Check status of cluster with kops validate cluster and wait until it says Your cluster $CLUSTER_FULL_NAME is ready

Note

You can delete cluster with: $kops delete cluster ${CLUSTER_FULL_NAME} and then $kops delete cluster ${CLUSTER_FULL_NAME} --yes (without yes flag you only see what changes are going to be applied) and don’t forget to delete S3 bucket: $aws s3api delete-bucket --bucket ${CLUSTER_FULL_NAME}-state after cluster deletion.

Note

You can scale up/down nodes of cluster with command: $kops edit ig nodes --name $CLUSTER_FULL_NAME, edit screen that appears and set 3/0 number of instances in minSize, maxSize values (3 is an example) and then $kops update cluster $CLUSTER_FULL_NAME and $kops update cluster $CLUSTER_FULL_NAME --yes to apply changes. Command kops validate cluster is useful to see state of cluster.

Note

To scale up/down master you can use: $kops edit ig master-us-west-2a --name $CLUSTER_FULL_NAME (you can check your instance type of master with: $kops get instancegroups) set 1/0 number of instances in minSize, maxSize values and then $kops update cluster $CLUSTER_FULL_NAME and $kops update cluster $CLUSTER_FULL_NAME --yes to apply changes. Command kops validate cluster is useful to see state of cluster.
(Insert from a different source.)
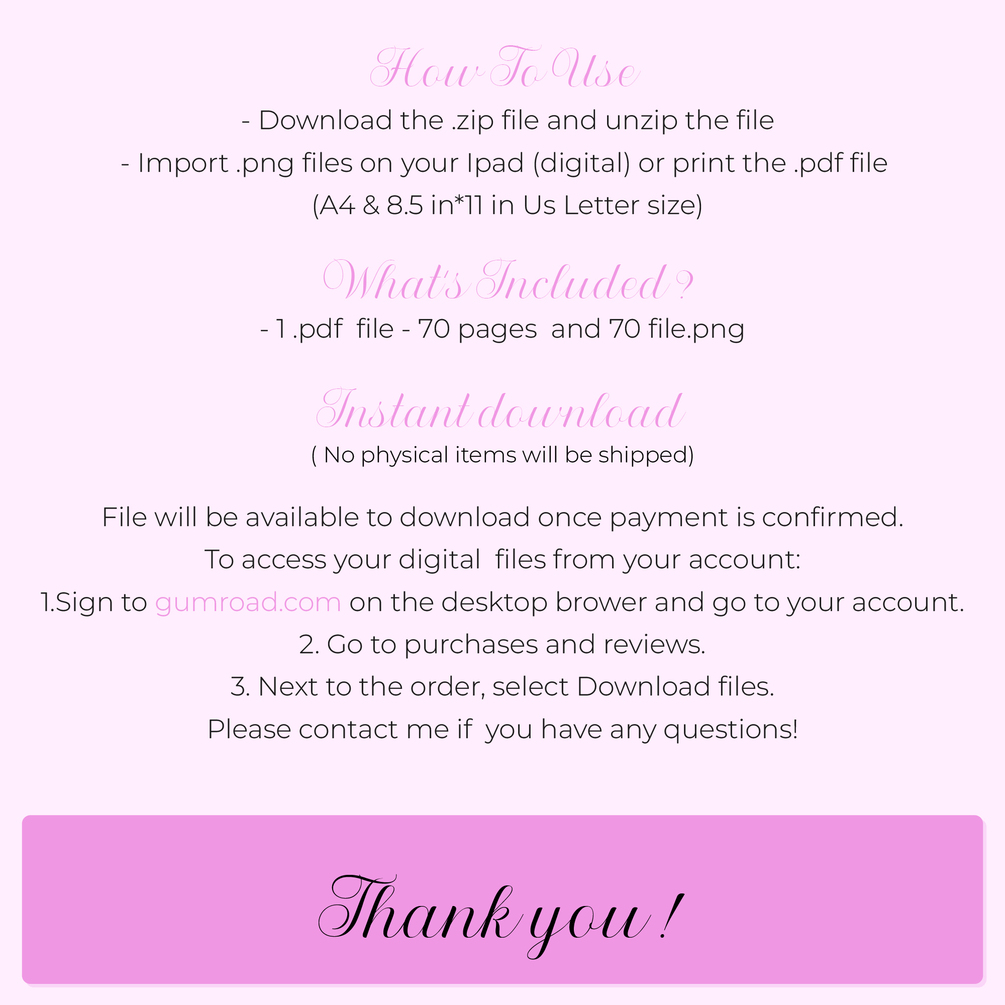 - 1 PDF file includes 70 pages and 1 .zip file includes 70 pages PNG.

¿How do I ssh to an instance of Kubernetes Cluster?

Using the key-pem already created for the kops user execute:

ssh -i <key>.pem admin@api.$CLUSTER_FULL_NAME

Note

Make sure this <key>.pem has 400 permissions: $chmod 400 <key>.pem.

You can also deploy kubernetes dashboard for your cluster.

Kubernetes dashboard

According to Kubernetes Dashboard kubernetes dashboard is a general purpose, web-based UI for kubernetes clusters. It allows users to manage applications running in the cluster and troubleshoot them, as well as manage the cluster itself.

Next steps are based on: Certificate management, Installation, Accessing Dashboard 1.7.X and above and Creating sample user from kubernetes official documentation and installation of Certbot for Ubuntu (18.04) bionic and certbot-dns-route53 to generate certificates and access kubernetes dashboard via https.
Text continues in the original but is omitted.